_TASK OBJECTIVE_
Only the lines below between the ones containing "Zamszowe sandały na" and "ドット柄のシアーブラウスとインナーキャミソールがセットになったアイテムです★", inclusive, are to be reproduced, each exactly as it stands.

Stored entries
■ ■ ■ ■ ■

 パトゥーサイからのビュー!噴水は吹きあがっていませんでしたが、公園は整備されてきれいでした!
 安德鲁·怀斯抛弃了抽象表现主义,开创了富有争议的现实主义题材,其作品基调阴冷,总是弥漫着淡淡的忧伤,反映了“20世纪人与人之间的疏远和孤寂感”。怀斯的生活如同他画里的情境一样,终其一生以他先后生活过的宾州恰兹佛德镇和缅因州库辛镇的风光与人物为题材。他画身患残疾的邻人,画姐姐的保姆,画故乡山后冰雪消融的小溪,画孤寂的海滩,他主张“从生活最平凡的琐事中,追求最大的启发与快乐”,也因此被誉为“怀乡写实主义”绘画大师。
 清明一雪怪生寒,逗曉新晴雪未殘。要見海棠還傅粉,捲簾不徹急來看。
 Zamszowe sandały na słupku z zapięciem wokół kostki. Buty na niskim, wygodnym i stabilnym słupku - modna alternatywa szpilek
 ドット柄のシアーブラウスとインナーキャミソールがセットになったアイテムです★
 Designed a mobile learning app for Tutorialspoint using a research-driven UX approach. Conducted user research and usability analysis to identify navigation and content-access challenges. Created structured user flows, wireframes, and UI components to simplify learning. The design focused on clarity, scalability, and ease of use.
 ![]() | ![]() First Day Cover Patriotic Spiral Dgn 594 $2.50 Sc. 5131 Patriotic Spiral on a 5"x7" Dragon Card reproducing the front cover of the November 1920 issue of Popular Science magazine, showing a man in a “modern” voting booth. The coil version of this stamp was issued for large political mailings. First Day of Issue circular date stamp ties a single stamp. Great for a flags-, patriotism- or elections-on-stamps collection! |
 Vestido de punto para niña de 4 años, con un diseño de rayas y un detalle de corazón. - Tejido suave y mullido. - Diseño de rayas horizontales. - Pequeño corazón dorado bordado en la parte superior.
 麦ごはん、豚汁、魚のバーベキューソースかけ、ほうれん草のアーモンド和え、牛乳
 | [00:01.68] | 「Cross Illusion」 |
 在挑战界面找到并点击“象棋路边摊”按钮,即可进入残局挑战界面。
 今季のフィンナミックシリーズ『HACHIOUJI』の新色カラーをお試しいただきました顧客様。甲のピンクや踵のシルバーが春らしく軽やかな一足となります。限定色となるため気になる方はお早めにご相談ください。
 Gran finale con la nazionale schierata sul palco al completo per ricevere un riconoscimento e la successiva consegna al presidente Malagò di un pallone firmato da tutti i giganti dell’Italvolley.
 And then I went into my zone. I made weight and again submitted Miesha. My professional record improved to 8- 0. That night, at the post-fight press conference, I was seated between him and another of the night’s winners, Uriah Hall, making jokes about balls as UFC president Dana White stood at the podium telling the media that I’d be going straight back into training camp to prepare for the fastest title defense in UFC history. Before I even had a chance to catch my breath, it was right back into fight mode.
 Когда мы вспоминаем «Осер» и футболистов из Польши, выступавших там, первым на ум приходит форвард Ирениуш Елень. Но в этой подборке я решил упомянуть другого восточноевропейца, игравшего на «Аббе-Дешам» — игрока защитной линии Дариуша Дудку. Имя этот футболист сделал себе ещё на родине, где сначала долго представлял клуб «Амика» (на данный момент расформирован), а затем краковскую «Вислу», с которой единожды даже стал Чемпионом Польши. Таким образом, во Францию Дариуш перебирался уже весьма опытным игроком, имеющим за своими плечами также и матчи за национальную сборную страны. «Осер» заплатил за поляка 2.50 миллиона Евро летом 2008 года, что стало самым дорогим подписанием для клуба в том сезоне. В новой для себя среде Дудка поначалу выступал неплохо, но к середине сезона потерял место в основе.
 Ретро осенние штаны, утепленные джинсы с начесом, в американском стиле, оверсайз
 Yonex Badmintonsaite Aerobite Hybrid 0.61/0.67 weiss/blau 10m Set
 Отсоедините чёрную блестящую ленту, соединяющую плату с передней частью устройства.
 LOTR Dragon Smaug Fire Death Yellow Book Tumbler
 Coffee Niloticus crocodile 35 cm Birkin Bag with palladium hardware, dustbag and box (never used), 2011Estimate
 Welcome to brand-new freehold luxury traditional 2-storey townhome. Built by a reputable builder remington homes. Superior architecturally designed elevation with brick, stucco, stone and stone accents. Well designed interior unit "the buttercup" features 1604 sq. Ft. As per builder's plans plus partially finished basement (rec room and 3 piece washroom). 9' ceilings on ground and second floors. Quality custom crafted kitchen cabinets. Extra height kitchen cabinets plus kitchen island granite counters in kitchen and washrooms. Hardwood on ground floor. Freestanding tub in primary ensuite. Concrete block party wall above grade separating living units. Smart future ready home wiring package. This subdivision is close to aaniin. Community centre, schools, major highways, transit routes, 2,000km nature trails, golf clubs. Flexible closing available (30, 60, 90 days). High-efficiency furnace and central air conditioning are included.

■ ■ ■ ■ ■

_WRITTEN ANSWER_
 Zamszowe sandały na słupku z zapięciem wokół kostki. Buty na niskim, wygodnym i stabilnym słupku - modna alternatywa szpilek
 ドット柄のシアーブラウスとインナーキャミソールがセットになったアイテムです★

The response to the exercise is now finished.